Acá hay una gran posibilidad para el ambiente. Reconocerlo como sujeto titular de derechos y como víctima del conflicto armado, da la posibilidad de cambiar de paradigma en cuanto a su protección. Nussbaum (2007), desde la óptica de las teorías de la justicia, sostiene que las actuales tendencias en el derecho buscan el reconocimiento de derechos a personas con discapacidad, de los migrantes ilegales y de la protección del ambiente. Sobre este último aspecto, en palabras de Rodríguez, Rodríguez y Durán (2017):

[…] para analizar cómo el medio ambiente puede ser una víctima del conflicto armado acogemos la propuesta de Stone (1972) de considerar el medio ambiente como una entidad jurídica, titular de derechos. Si bien la legislación colombiana aún no lo reconoce de esa manera, considerar el medio ambiente como sujeto de derechos tiene asidero teórico y constitucional (Rodríguez Garavito, 2015) […] hay que preguntarse: ¿por qué los seres humanos son los únicos titulares de derechos?, ¿es posible extender la noción de sujeto de derechos constitucionales para incluir, de manera siquiera limitada, a otros como los animales no humanos? (p. 26)

Desde el punto de vista jurídico y, particularmente, desde la óptica constitucional, vale la pena reflexionar en torno al alcance del ambiente como titular de derechos han tenido las constituciones de Bolivia y Ecuador.

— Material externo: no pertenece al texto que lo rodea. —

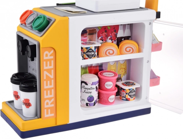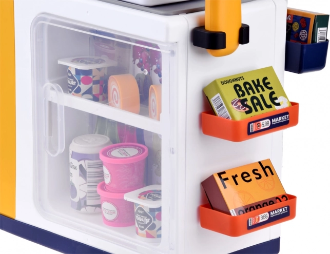 Compartimentul de răcire cu închidere găzduiește iaurturi, sucuri, deserturi și alte machete de alimente. Ideal pentru joc de-a cafeneaua, magazinul și casa de marcat self-service.

Para alcanzar el anterior objetivo, se tomará como referencia la obra de la profesora Catherine Walsh (2012), quien en el texto Interculturalidad crítica y (de)colonialidad intenta describir y caracterizar los más importantes elementos de las constituciones de Ecuador y Bolivia. La selección de estos países obedece a que sus cartas políticas pretenden ser construidas desde abajo, de manera histórica, insurgente y trascendental para irradiar a toda América latina, dejando atrás la visión homogénea y unitaria donde existe la dominación económica, política, social y cultural que alienta los intereses del mercado y del capital. La autora afirma que los procesos constituyentes fueron producto de luchas de movimientos ancestrales que propendían por un nuevo modelo de Estado y de Sociedad. Tal lucha es epistémica porque cuestiona, desafía y enfrenta las estructuras dominantes del Estado y, adicionalmente, porque pone en escena conocimientos, conceptos y lógicas que trasgreden el modelo de la “razón occidental” y alientan modos de vivir, pensar, estar y saber radicalmente diferentes.